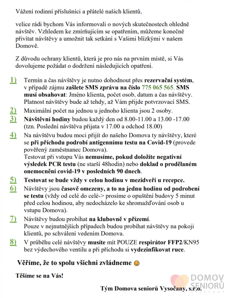 Vzhledem ke zmírňujícím se opatřením, můžeme konečně přivítat návštěvy a umožnit tak setkání s Vašimi blízkými v našem Domově.
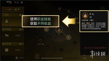 11、及时解锁与提升职业技能,使用职业技能可加快发育速度或为盟友提供支持,因此,需通过讨贼、军演等方式获取职业经验,解锁更多职业技能。
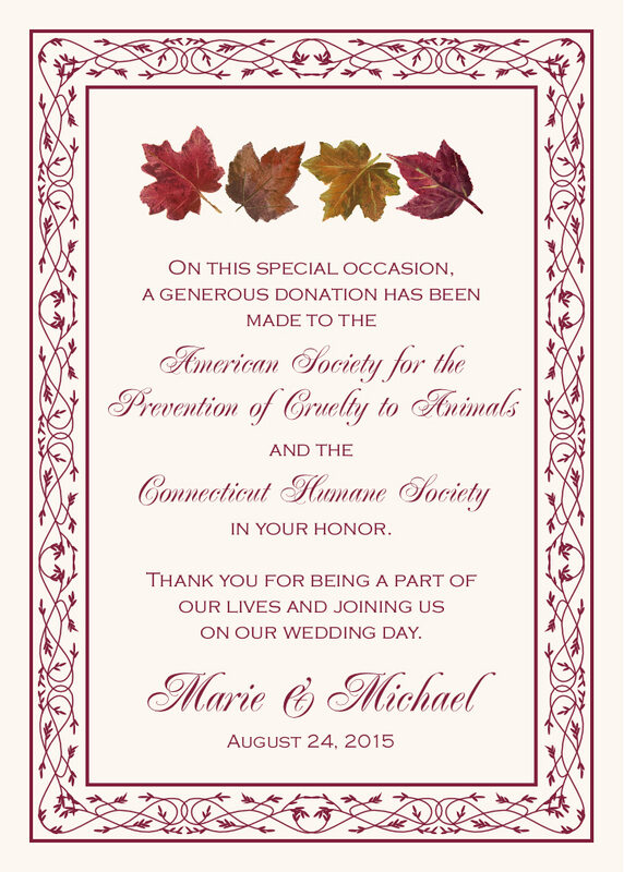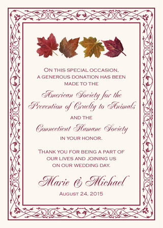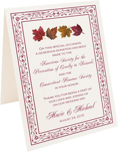 These Maple Leaf Pattern fall-themed donation cards are a perfect addition to your autumn wedding reception. As traditional favors are more-and-more being fazed out and replaced with donations to certain charitable organizations, you should let your guests know which charity means most to both you and your fiancé. Customize each card with your choice of wording, fonts, colors, borders, and illustrations.

════════

- WORK TO COMPLETE
Put down exactly the lines of the data above that run from its first line through the line bearing "11、及时解锁与提升职业技能", and no pictures.

- WRITTEN RESPONSE
 Vzhledem ke zmírňujícím se opatřením, můžeme konečně přivítat návštěvy a umožnit tak setkání s Vašimi blízkými v našem Domově.
 11、及时解锁与提升职业技能,使用职业技能可加快发育速度或为盟友提供支持,因此,需通过讨贼、军演等方式获取职业经验,解锁更多职业技能。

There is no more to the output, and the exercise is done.